There is a girl with drops of sweat, like beads, on her nose and upper lip - just there the whole time I was there - just there like her life lived 10 feet from this dusty road sleeping on a cast away bamboo mat on the bamboo floor of this dusty, dirty house that never saw a fan; that
would be a whole lot better house if it had a pig living under it like the neighbor's house; and she's looking at me. Maybe the smell isn't so wonderful to her - like she can even smell it. She's looking at me.
Linda's dad comes out to get me for lunch: whole steamed fish, fried eel or snakefish with ginger, fried ribs, beef salad, soup, something else, rice, water, cokes, beer. After lunch I sleep on the platform with the wedding DVD blaring like a Blue Cheer "wall of sound" - I awake, sweating, but just from the heat, not the fever I've had since yesterday.
Why are we at this house? I'll just lay it out for the more dedicated readers to put together. Sang Van's first husband was killed by the Khmer Rouge early on. She kept most of her children alive through the bad years and escaped to Thailand around 1979. Meanwhile, her second husband, Khuon Voeuth, was in a Khmer Rouge forced marriage that resulted in one daughter. SV and KV met at Khao-I-Dang refugee camp, married, and came to the U.S. with her three boys and a boy she picked up on the way out of Cambodia. Leslie and I sponsored this family in 1981-82 and were very close for a good while. Another part to the story is that I fought in Vietnam. My 13 months of combat does not compare to the years of suffering, but it wasn't nothing. Fast-forward 25 years: SV built this house, where KV's former wife, daughter, and granddaughter now live. This is the house where David lived his first few weeks in Cambodia. So now, here we are ...

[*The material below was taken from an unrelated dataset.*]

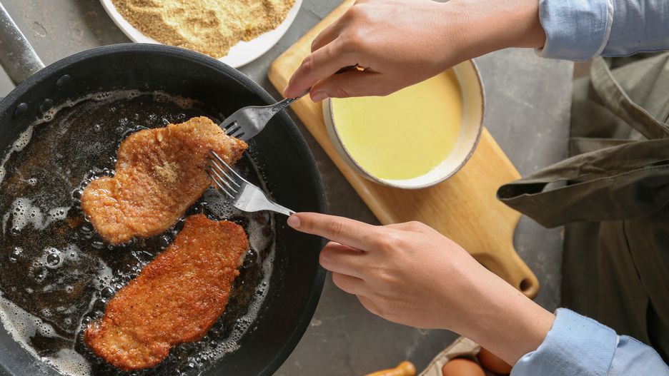 Po wyrobieniu mięsa należy je wybić. To oznacza, że mięso należy kilka razy rzucić do miski lub z wysokości około 30 cm na blat. Następnie formujemy z mięsa zgrabne kotlety o grubości nie większej niż 1,5 cm i doprawiamy je według własnego gustu. Teraz pozostaje już tylko panierować kotlety. Najpierw obtaczamy je w mące, następnie w rozkłóconym jajku, a na końcu w bułce tartej. Jeśli lubisz intensywniejszą panierkę, możesz powtórzyć ten proces.

Monday: David took us to the hospital where he works: the Sihanouk Hospital of Hope (operated by Hope International). We walk through the crowds of people sitting on benches out front, waiting, hoping to be seen. A woman named Gerlinda takes Leslie and me on a tour through the hospital - urgent/primary care (200+ patients/day), emergency, tuberculosis (by now, hard for me to speak as the tears are just ready), pharmacy, medicine, surgery, library (books dating 1982-2001), and now back to the car and on to HIV/AIDS (lots of cachectic,
jaundiced people) and finish at the AIDS hospice.
Gerlinda is 34, from a poor family in the Philippines. She left home when she was 16 to study medicine in the USSR. I don't remember how long she said it was when the USSR ceased to exist and they told her to go home. She would not (so much for submissive Asian women) and
was able to finish medical school in Russia. She has worked in Russia, Afghanistan, and Cambodia She works for Hope. She works for
Hope. She works for Hope. I know I'm a lot more hopeful thanks to her presence in the world.
Back about 1982 the Dalai Lama reached out to me and took my hands in his and said, "Keep doing this work." Today Leslie says something about the need for people who do the work to be reincarnated. I didn't say anything, but thought, yeah, that's what we're trying to do through
faith/works, through schools, through song, art, prayer, living.
I'll sing your song the best I can. I'll sing mine the best I can. Oh, I wish I could live a 1000 years. The smell of sweat, smoke, bodies, sweat standing on on her nose ... Keep doing this work. Sure, nothing better to do, that's for sure.